|
23rd February 2026
|
10 min read

Should your website have an llms.txt file? An honest guide for 2026

Google's May 2026 AI optimisation guide put llms.txt on its list of things you don't need to do for Search. Here's what the file does, who actually benefits, and where to focus your time instead if you want to show up in AI answers.
A computer screen showcases code on the left and a vibrant travel app design featuring colorful interface elements on the right, demonstrating principles of responsive web design seamlessly. | Rubber Duckers
Written by

Eighteen months ago, every SEO blog and developer feed told you to add an llms.txt to your site. Then in May 2026, Google published its official guide to optimising for generative AI features and put llms.txt on the list of things you don't need to do.

So the answer to whether your site needs one isn't the same as it was a year ago.

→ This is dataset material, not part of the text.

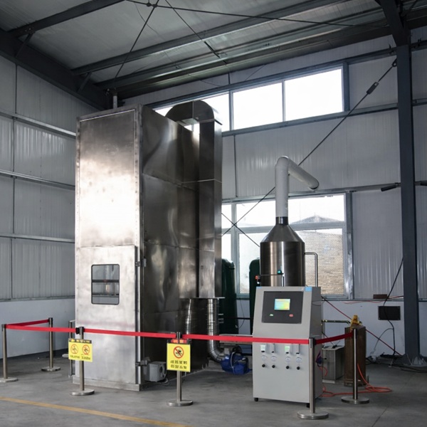 4、先進(jìn)的燃燒煙霧的收集和洗滌煙塵裝置:采用SUS304不銹鋼,直徑為800mm高度為3500mm。煙霧收集塔分為三部分:噴淋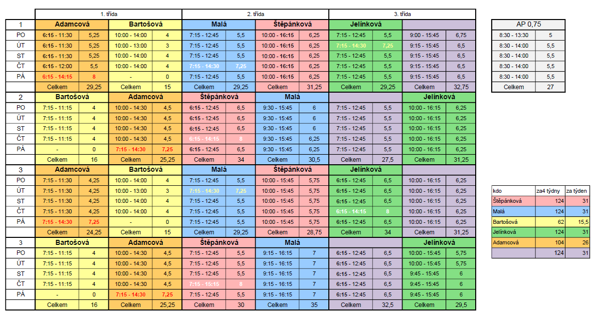- začínáme v 1. třídě jako teď v 6:15 - 7:15 přechod do svých tříd

We've had llms.txt on rubberduckers.co.uk since the standard emerged. We've added it for clients on our Growth Partner retainer. We watch the server logs to see who actually requests it. And we've now read Google's guide carefully and adjusted how we talk about the file.

This piece covers what llms.txt is, what Google has actually said, what real-world adoption looks like, and where the file does and doesn't earn its place in 2026.

How llms.txt works and what sets it apart

The llms.txt standard was proposed by Jeremy Howard at Answer.AI in late 2024. It's a single plain markdown file that sits at the root of your site (yoursite.com/llms.txt) and acts as a curated tour of your most important pages for AI models.

The format is simple. Your business name as an H1. A short summary. H2 sections (services, docs, blog, products) listing your key URLs with one-line descriptions.

What an llms.txt file contains

Most well-written llms.txt files share the same structure. They open with a site or company name as an H1, then a short summary of what you do, then sections grouped by intent. Each section lists curated URLs with a colon and a description.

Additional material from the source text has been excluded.